*** PROVIDED DATA Section Begins ***

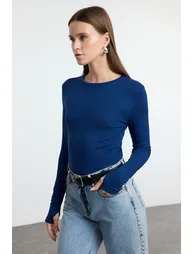 Black Viscose/Soft Fabric Finger-Touch Detailed Flexible Knitted Blouse
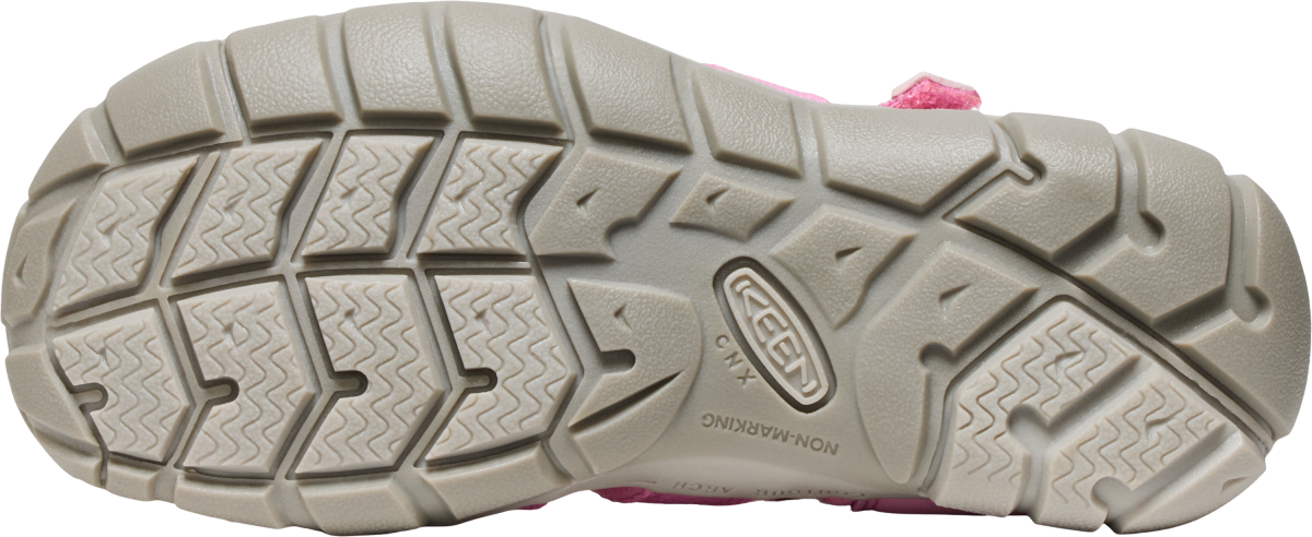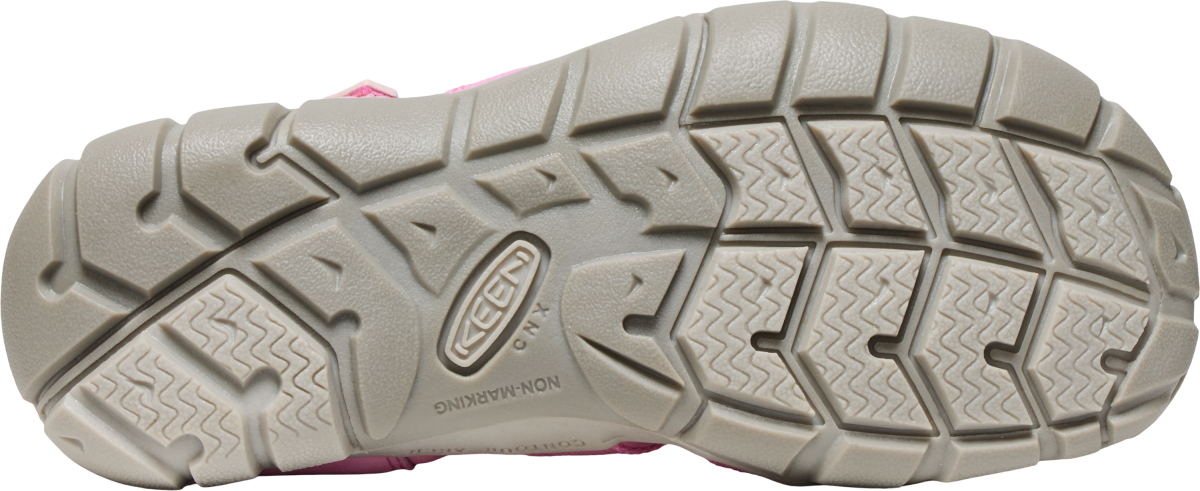 Skvělé a velmi populární dětské sandály Keen Seacamp II CNX pro všestranné využití jsou vyrobeny technologií KEEN.CNX. To znamená, že se jedná o nízkoprofilovou univerzální letní botu inspirovanou minimalistickým stylem obouvání. Nízký profil boty umožňuje přirozený pohyb nohy v maximálním rozsahu, zároveň však poskytuje chodidlu dostatečnou míru bezpečí, včetně patentované ochrany prstů. Model vyniká především nízkou hmotností. Svršek je z pevné polyesterové popruhoviny doplněné o rychleschnoucí podšívku. Anatomicky tvarovaná stélka z materiálu EVA zajišťuje podporu klenby chodidla a pohodlí při celodenním nošení. Kvalitní gumová podešev s vícesměrným vzorkem dobře přilne i k mokrému povrchu. Rychlozavazovací systém umožňuje snadné nazutí a rychlé upevnění na noze, které navíc ještě doplňuje pásek přes nárt se zapínáním na suchý zip. Boty jsou ošetřeny přírodní antibakteriální technologií ECO ODOR CONTROL proti zápachu a dají se prát v automatické pračce.
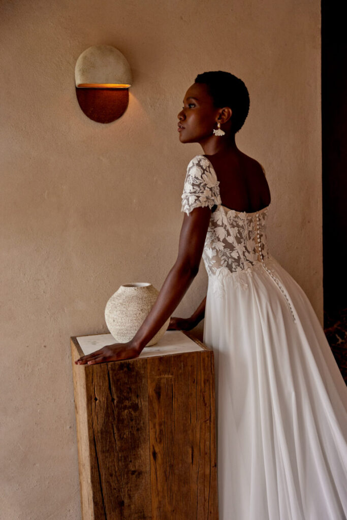 Chiffon A-line gown with straight neckline and detachable cap sleeves. Sheer bodice with exposed boning is adorned with matte floral lace appliques that end at waistline. Buttons to end of zipper. Chiffon skirt billows into a chapel length train with lace cutouts. Version with fully lined bodice available at no extra cost. Version without detailed train is also available.
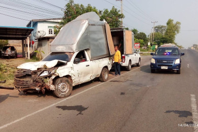 หนุ่มขับรถกระบะตู้ทึบส่งสินค้าหลับในชนจยย.พ่วงข้าง ตา 65 ปี ดับ
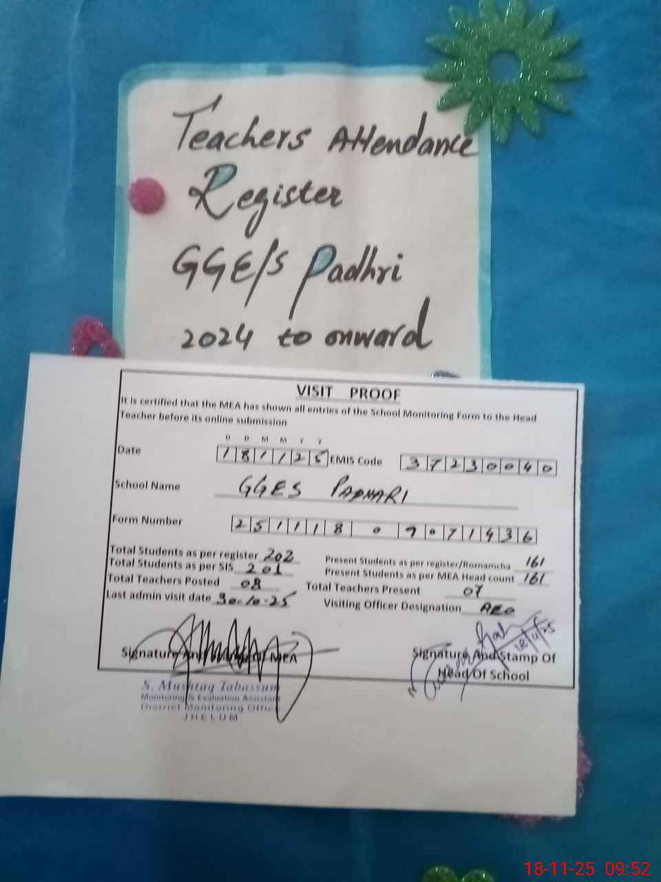 | Attendance Register | Head Teacher | MEA with School | Visit Proof |
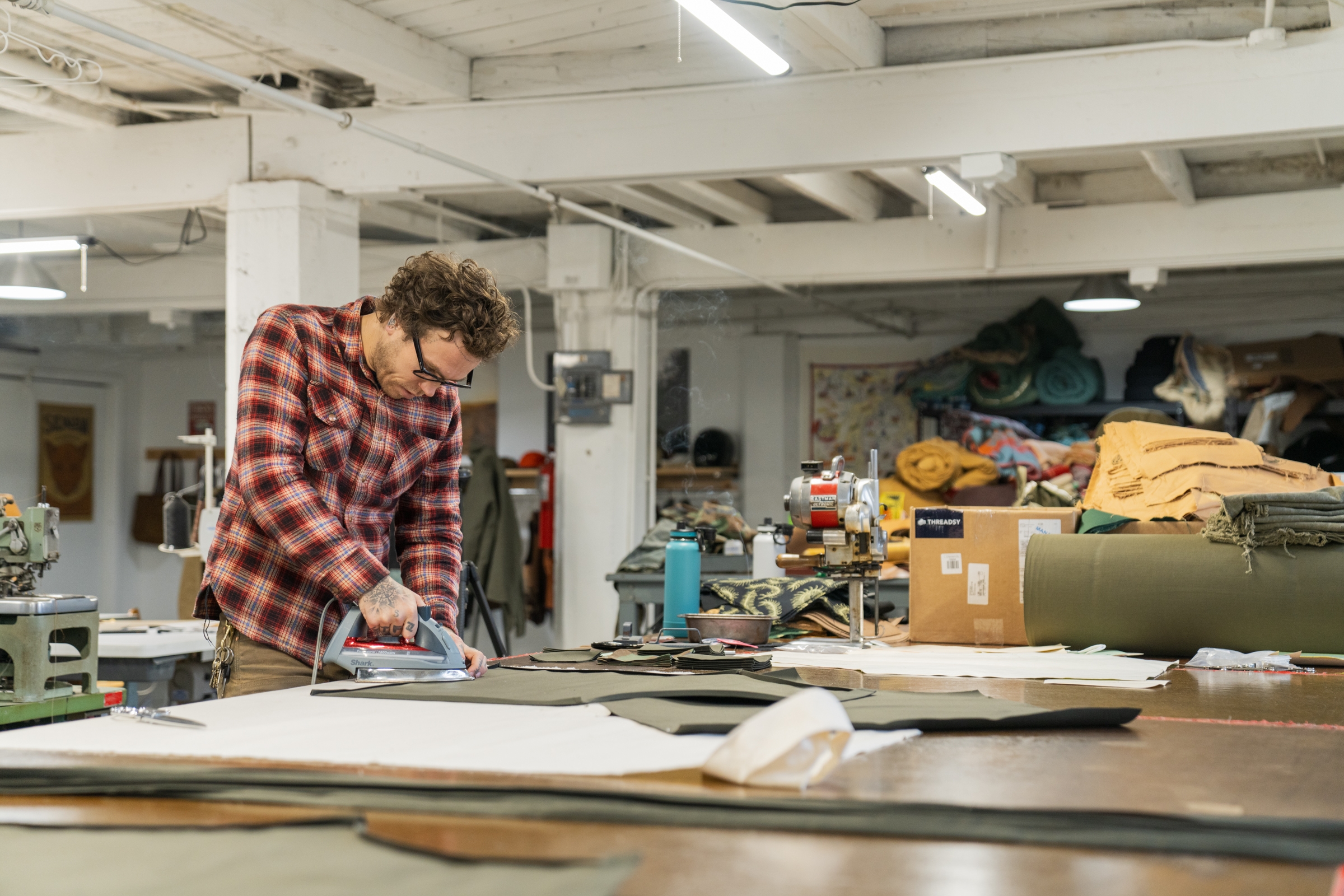 Another handcrafted touch to the Coffee Shop will be the barista aprons made by Rusty from Sidnaw Clothing at his workshop. Using deadstock waxed canvas and pieces from the same military uniforms used in bench cushions, we’re looking forward to having these functional aprons look better with age and wear for years to come.

*** PROVIDED DATA Section Ends ***

WHAT IS NEEDED ::
Your answer should contain only the lines from the beginning of the listing above through the line with "Skvělé a velmi", copied exactly and without the pictures.

TASK OUTPUT ::
 Black Viscose/Soft Fabric Finger-Touch Detailed Flexible Knitted Blouse
 Skvělé a velmi populární dětské sandály Keen Seacamp II CNX pro všestranné využití jsou vyrobeny technologií KEEN.CNX. To znamená, že se jedná o nízkoprofilovou univerzální letní botu inspirovanou minimalistickým stylem obouvání. Nízký profil boty umožňuje přirozený pohyb nohy v maximálním rozsahu, zároveň však poskytuje chodidlu dostatečnou míru bezpečí, včetně patentované ochrany prstů. Model vyniká především nízkou hmotností. Svršek je z pevné polyesterové popruhoviny doplněné o rychleschnoucí podšívku. Anatomicky tvarovaná stélka z materiálu EVA zajišťuje podporu klenby chodidla a pohodlí při celodenním nošení. Kvalitní gumová podešev s vícesměrným vzorkem dobře přilne i k mokrému povrchu. Rychlozavazovací systém umožňuje snadné nazutí a rychlé upevnění na noze, které navíc ještě doplňuje pásek přes nárt se zapínáním na suchý zip. Boty jsou ošetřeny přírodní antibakteriální technologií ECO ODOR CONTROL proti zápachu a dají se prát v automatické pračce.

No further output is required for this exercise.